Les moyens les plus sophistiqués développés par la
technologie, utilisés pour tuer des êtres humains et
assujettir les peuples ou les exterminer ; l’introduction
massive des réflexes conditionnés dans les esprits ; le
consumérisme et toutes les ressources disponibles sont
aujourd’hui employés contre les Vénézuéliens pour mettre en
pièces les idées de Bolívar et de Martí.
L’empire a créé des conditions favorables à la violence et
aux conflits internes. J’ai parlé sérieusement avec Chávez
lors de sa dernière visite, le 21 novembre dernier, des
risques d’assassinat auxquels il était constamment exposé en
voyageant en véhicules décapotés. Pour cela, je me suis basé
sur mon expérience en tant que combattant entraîné dans
l’emploi du fusil automatique à lunette et, après le
triomphe de la Révolution, en tant que cible de plans
d’attentats directement commandés par presque toutes les
administrations états-uniennes depuis 1959 ou sur leur
demande.
Le gouvernement irresponsable de l’empire ne consacre même
pas une seconde à analyser que l’assassinat du président ou
que le déclenchement d’une guerre civile au Venezuela,
compte tenu de ses énormes réserves d’hydrocarbures,
feraient éclater l’économie mondiale globalisée. Ces faits
n’ont pas de précédent dans l’histoire de l’homme.

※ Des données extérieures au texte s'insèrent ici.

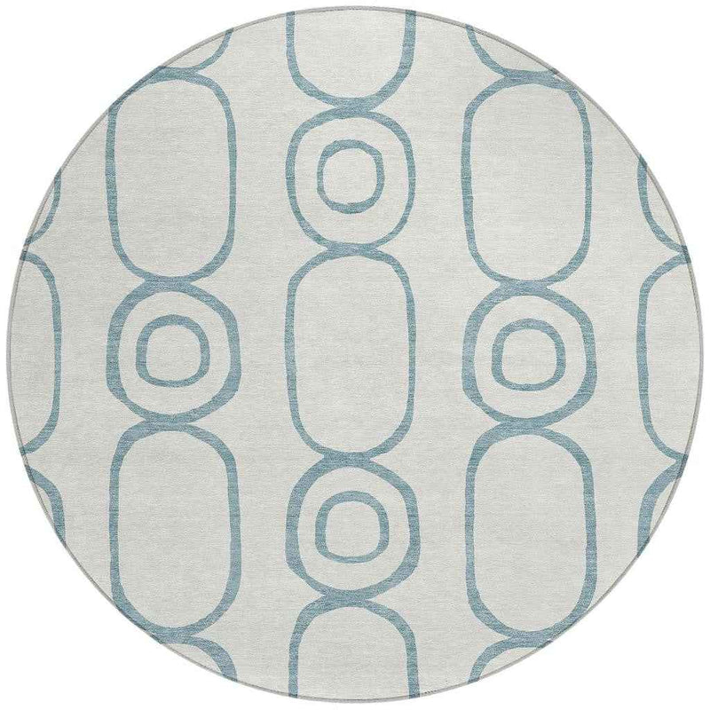 8' Teal Blue And Ivory Round Geometric Washable Indoor Outdoor Area 跳到内容
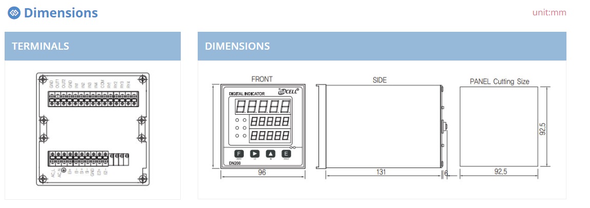 Thông số kỹ thuật Bộ hiển thị loadcell DN100;DN200
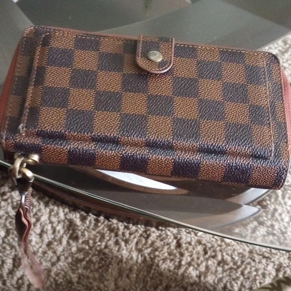 it's a cute hand wallet with enough space for cards, cash and coins. it's only used 4 times.
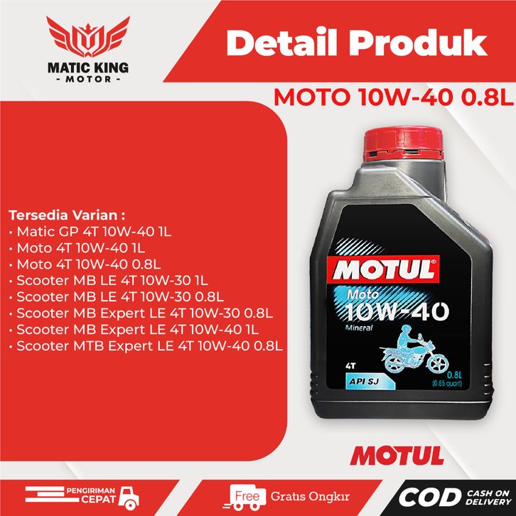 Motul Oli Mesin Moto 10W-40 4T JASO MA2 API SJ 800 ml
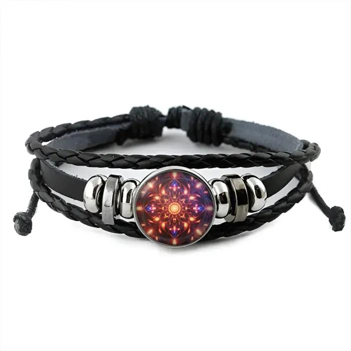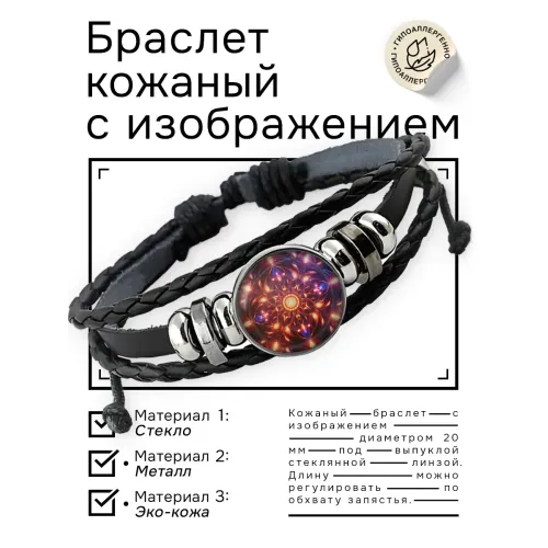 Кожаный браслет с изображением под выпуклой стеклянной линзой.
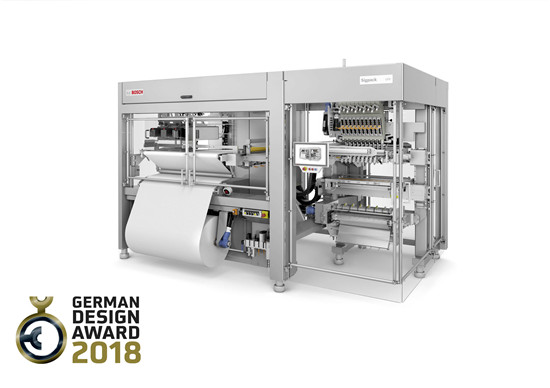 Frankfurt, Germany/Beringen, Switzerland – The Sigpack VPF (Vertical Platform for Flat Pouches), the first freely scalable flat pouch machine from Bosch, has been honoured with the German Design Award 2018 in the Excellent Product Design category. The German Design Council presents the prestigious award on an annual basis. The German Design Award is the second prestigious accolade for the Sigpack VPF following the German Packaging Award in 2016.
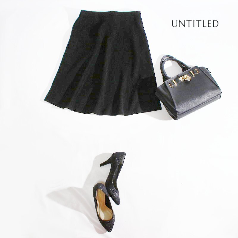 美品 アンタイトル UNTITLED 株) ワールド 合物 ストレッチ ジャージ― スーツ フレアスカート 1 S ブラック 黒 フォーマル 綺麗め 上品
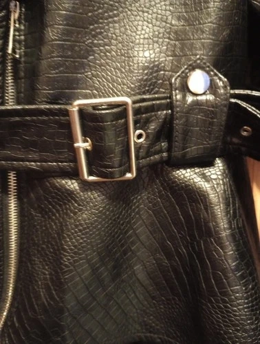 The Azalea Wang Astro Virgo X jacket in size 2X is a stylish and versatile outerwear piece for women. Made from polyester with a solid black color, this mid-length jacket features long sleeves and a full zip closure. The design includes accents such as buttons, buckles, and zippers, giving it a unique and fashionable look. Perfect for both casual and party occasions, this jacket is lined, collared, and belted for added comfort and style. The biker and motorcycle themes make it a trendy choice for the winter and fall seasons. Made in China, this jacket embodies a chic and edgy aesthetic.
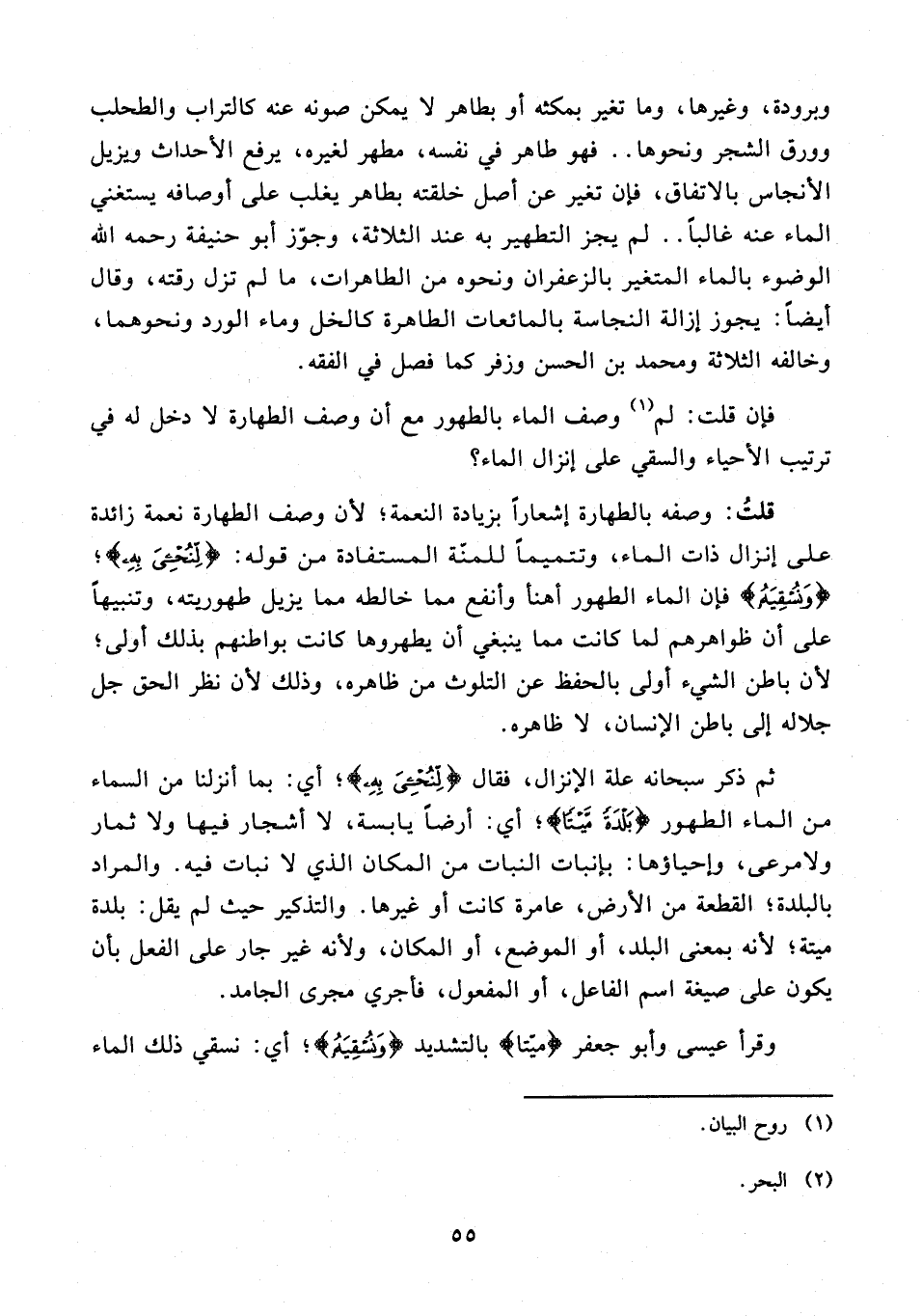 قلتُ: وصفه بالطهارة إشعارًا بزيادة النعمة؛ لأن وصف الطهارة نعمة زائدة على إنزال ذات الماء، وتتميمًا للمنة المستفادة من قوله: {لِنُحْيِيَ بِهِ}؛ {وَنُسْقِيَهُ} فإن الماء الطهور أهنأ وأنفع مما خالطه مما يزيل طهوريته، وتنبيهًا على أن ظواهرهم لما كانت مما ينبغي أن يطهروها كانت بواطنهم بذلك أولى؛ لأن باطن الشيء أولى بالحفظ عن التلوث من ظاهره، وذلك لأن نظر الحق جل جلاله إلى باطن الإنسان، لا ظاهره.
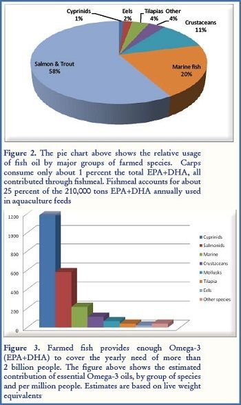 Basados en los supuestos mencionados, el sector de la acuicultura provee 206 000 t de EPA+DHA, pero al mismo tiempo consume un total de 210 000 t; en la practica provee la misma cantidad que consume. La figura 3 muestra las principales especies de cultivo que proveen los omega-3 de cadena larga a nuestras dietas. En la actualidad, el sector de la acuicultura provee el suficiente EPA+DHA para cubrir las necesidades de más de 2.0 billones de personas. Todas las carpas combinadas consumen menos del 1.0% de todo el EPA+DHA proveído por el aceite y harina de pescado, pero contribuye con más de 50% de todo el EPA y DHA que proviene de los productos acuícolas.
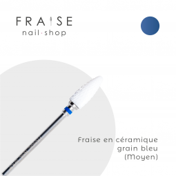 Fraise en céramique grain bleu (moyen). Embout arrondi sécurisé. Ne chauffe pas pendant la dépose et le ponçage. Idéale pour la dépose du gel, ainsi que pour affiner la forme de la construction.

Cuba, pendant l’étape la plus difficile qui a suivi la
disparition de l’URSS et la recrudescence du blocus
économique imposé par les États-Unis, a resserré ses liens
avec le gouvernement bolivarien du Venezuela. Les échanges
de biens et services sont passés de presque zéro à plus de
sept milliards de dollars par an, ce qui s’est avéré
mutuellement avantageux du point de vue économique et
social. Le Venezuela nous fournit actuellement le gros des
carburants que consomme le pays, difficiles d’acquérir
ailleurs du fait de la pénurie de brut léger, de la capacité
insuffisante de raffinage, du pouvoir des États-Unis et des
guerres qu’ils ont déclenché pour s’approprier des réserves
de pétrole et de gaz du monde.
Aux cours élevés de l’énergie viennent s’ajouter ceux des
aliments, déterminés par la politique impériale visant à les
transformer en carburant pour les voitures voraces des
États-Unis et d’autres pays industrialisés.
La victoire du OUI du 2 décembre ne suffirait pas. Les
semaines et les mois qui suivront cette date pourraient
s’avérer extrêmement difficiles pour nombre de peuples, dont
celui de Cuba, au cas où les aventures de l’empire ne
conduiraient pas avant la planète à une guerre nucléaire
comme l’ont avoué ses propres chefs.
Nos compatriotes peuvent être convaincus que j’ai eu
suffisamment de temps pour y réfléchir.